Uma das particularidades do universo mangá no Japão é a abundância de estilos e temáticas, quase conseguindo satisfazer a velha máxima de «agradar a gregos e a troíanos», com mangas para todos os tipos de leitores e de todas as idades.
Com uma história densa e sofisticada, Sanctuary está inserido num estilo muito próprio de mangá que designamos por “Gegika” (nome específico que se dá às histórias com uma vertente mais realista, dramática e adulto). Publicada em 1990 na revista Big Comic Superior (edição Shogakukan), ao longo de doze volumes com enorme sucesso, a história de Sanctuary é um manga cheio de polémica onde diversos temas “adultos” são tratados com uma enorme frieza.
Akira Hojo e Chiaki Asami são dois amigos que cresceram em campos de refugiados no Camboja. Viveram no meio da miséria, ao ponto de terem que comer ratos para sobreviver e de enterrarem outras crianças que não resistiam ao inferno em que viviam. Fartos de toda esta situação decidem viajar para o Japão. Lá deparam com uma sociedade fútil, onde os jovens vivem sem grandes ideais e voltados à sociedade de consumo. Os dois juram transformar o Japão no seu santuário ideal e, para isso, seguem caminhos diferentes. Asami vai trabalhar na política e Hojo entra para a yakuza, a temida máfia japonesa.
Capaz de disparar sobre a cabeça de um rival com a mesma naturalidade com que seduz uma garota, Hojo torna-se num verdadeiro pesadelo para seus inimigos. Vestindo-se com elegância e sempre com o semblante tranqüilo, Hojo inspira tanto medo aos seus adversários quanto confiança e lealdade entre os seus subordinados. Entre eles, o violento “gangster” Tokai, que foi o primeiro a oferecer um emprego a Hojo e que depois tornou-se seu subalterno. Asami não fica atrás, agindo nos bastidores do parlamento japonês para revelar segredos de políticos e se beneficiar, com o sonho de chegar a ser Primeiro Ministro. Se necessário, também usa sua grande habilidade em artes marciais para forçar o cumprimento de seus objetivos.

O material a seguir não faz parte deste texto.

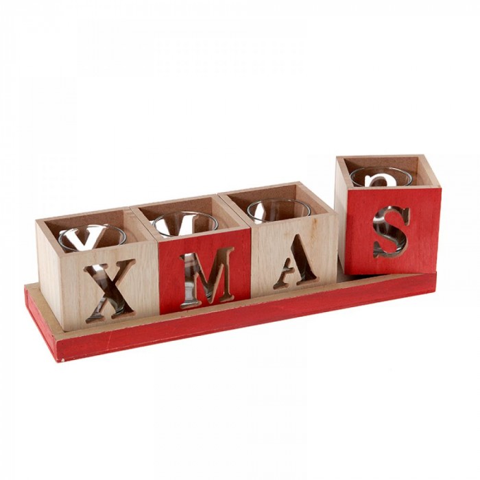 Дървен свещник, кубчета "X'MAS",червено и бяло, 34х10х8 см
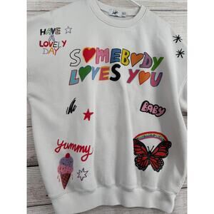 Item: Mayfair Group Somebody Loves You AOP Crewneck Sweatshirt One Size Petite White
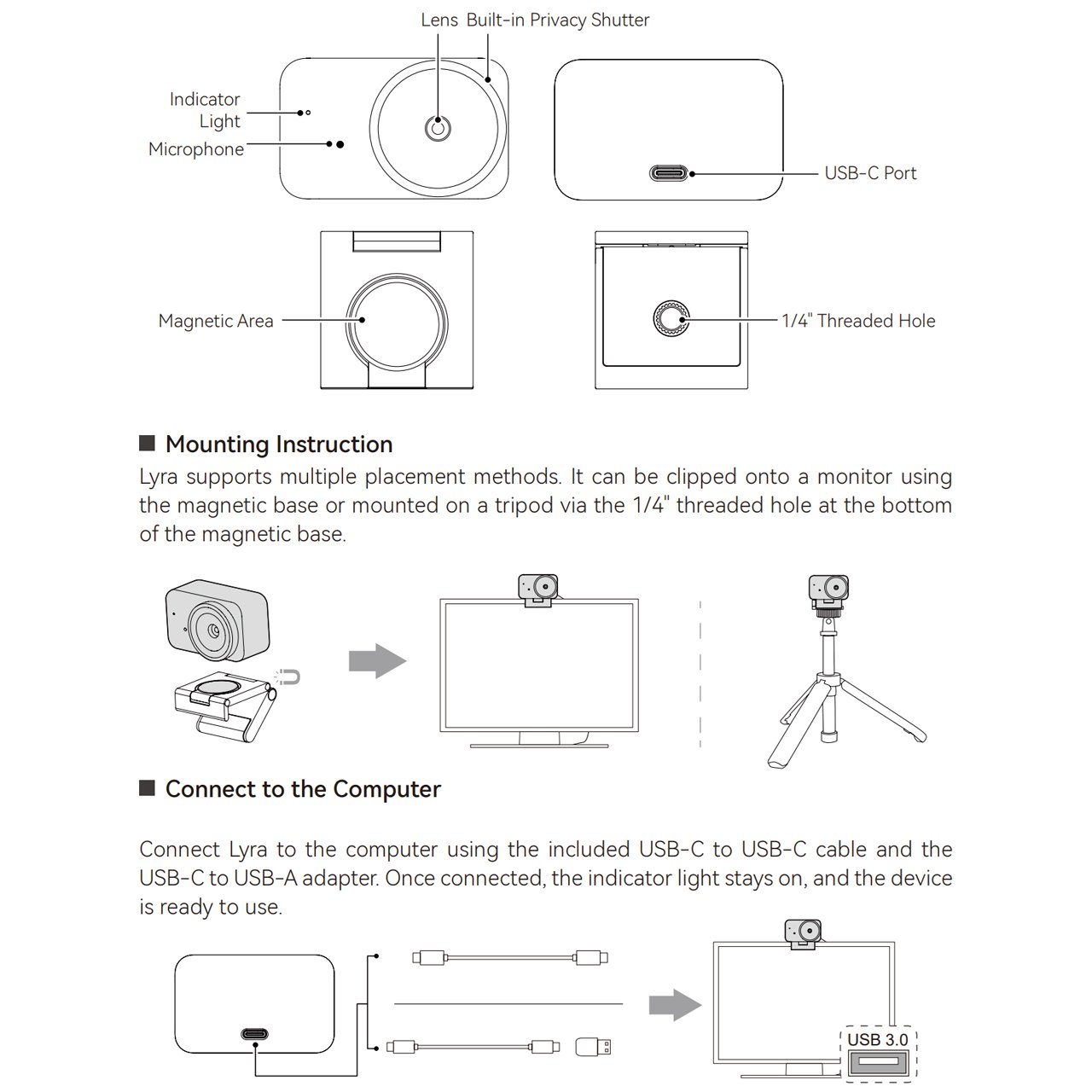 The Lyra webcam adopts the latest LARK A1 wireless microphone solution. Thus, the built-in microphone in the webcam boasts a powerful 48kHz/24-bit audio recording ability. Great for meetings and live streaming because the recording audio will sound really natural, just like the mic is close to the speaker's mouth.
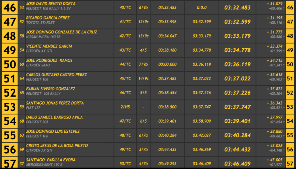 Entre las barquetas José Manuel González (BRC BR 53) superó en 12.740 a su único rival, José Luis Rodríguez (Silver Car S3).

No início da história, surge a bela oficial de polícia Kyoko Ishihara, que decide investigar o chefe Hojo e para isso prepara um audacioso plano. Insinuante, ela aproxima-se dele num bar, mas desmaia ao ingerir uma bebida com anestésico preparada pelo barman, um subdito de Hojo. Mais tarde, acorda nua numa cama de motel, com uma mancha vermelha entre as pernas. Imanginando na possibilidade de ter sido violada, decide ir ao hospital para fazer testes clínicos e saber toda a verdade. Ouve a notícia de que continua virgem (para espanto até da médica que a atendeu). Confusa, ela volta para o seu escritório, onde esperava um pequeno pacote oferecido por Hojo. Furiosa, ela jura vingança.
A arte do mangá é simplesmente fantástica e para os conhecedores reparamos que é a arte típica de Ikegami.
O traço transborda um realismo e um detalhe incrível suportada por uma história muito interessante e bem construída capaz de prender qualquer pessoa. Uma nota de curiosidade: os personagens políticos que vão aparecendo no mangá são bastante semelhantes com alguns dos políticos reais que na altura estávam no governo japonês. Talvez por isso o “design” de personagens seja bastante forte e intenso e que esta foi uma das razões para o enorme sucesso deste mangá.
Ao lermos Sanctuary descobrimos que este mangá vê o mundo político e “filosófico” de uma forma extrema mas que mesmo assim ainda existem alguns pontos interessantes a termos em conta. O mundo é comandado por pessoas com motivação e desejo de alcançar os seus sonhos, mas quando não têm sonhos, as pessoas caem e estagnam.
Criado pelo escritor Sho Fumimura e pelo manga-ka (pessoa que desenha o manga) Ryoichi Ikegami (autor também de Crying Freeman), este romance e drama, misturado com fortes imagens de sexo e violência é o resultado de uma obra sobre crime, ideais, corrupção, amor e solidariedade, voltada para adultos. A obra ainda inspirou uma animação para vídeo em 1995 e, mais tarde, dois longas em live-action, todos bastante elogiados.